Watts-College / cpp-527-fall-2021

A course shell for CPP 527 Foundations of Data Science II
https://watts-college.github.io/cpp-527-fall-2021/
2 stars 6 forks source link

Final project step 10 question #75

Open Johaning opened 2 years ago

Johaning commented 2 years ago

For step 10, should we show the 5 faculty with the highest actual salaries, or the highest salaries when adjusted to full time FTE?

lecy commented 2 years ago

It doesn't matter to me.

Although after you mention it, it would be good to footnote that salaries are FTE adjusted.

If this were a real report there would be a whole section on methodology that explains all of the steps.

That is essentially the role that your function-demo.rmd & function-demo.html documents are performing in this assignment - show how you arrive at the results that you present in the report if someone wants to audit the process and inspect all of the assumptions that are embedded in the analysis.

ctmccull commented 2 years ago

@lecy I'm struggling to think through going about step 10. I have some ideas as to selecting the top 5 salaries, and then I'm not sure how to make sure it displays the other variables in the table. Here are my starting ideas.

top_salary_table <- function(d, Salary)
{topsalary <-
  d %>%
 arrange(d, desc(Salary)) %>%
  slice(1:5)

dollarize(topsalary)

return(topsalary)
}

Alternatively...

top_salaries <- function(d, Salary)
  {topsalary <-
  d%>%
  filter(d, row_number(desc(Salary)) <= 5)
dollarize(topsalary)
return(topsalary)
}

Are these close?
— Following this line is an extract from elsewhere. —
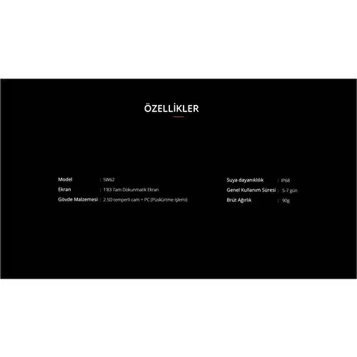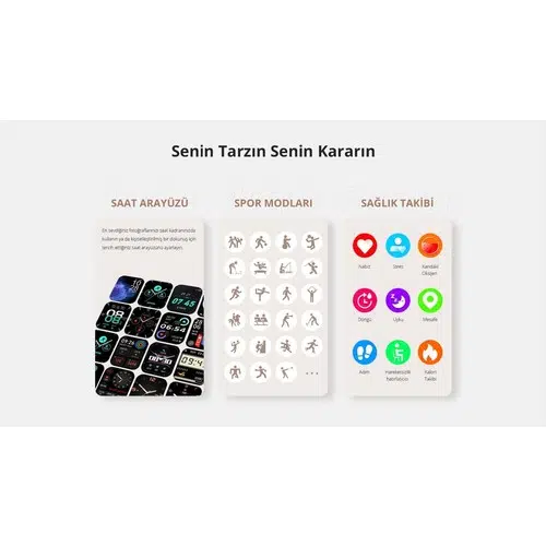Nabız - Stress- Kandaki Oksijen - Döngü - Uyku - Mesafe - Adım - Hareketsizlik hatırlarma - Kalori - Akıllı Kontrol - Telefonumu Bul - Mesaj Bildirimi - Müzik Kontrolü - Hava Durumu - Anlık Bildirim - Kamera Kontrolü

My next guess is to add group_by() to make sure name, gender, and position are where they need to be.

lecy commented 2 years ago

First things first.

For dplyr functions the first argument is always the data frame:

filter( d, salary > 100000 )

If you are using pipes you don't include the data frame in the function - it is passed as the first argument by the pipe:

d %>% filter( salary > 100000 )

You are doing both:

d %>%
  arrange( d, desc(Salary) )

It will run but might not do what you expect.

Second, which ingredients do you need for this recipe?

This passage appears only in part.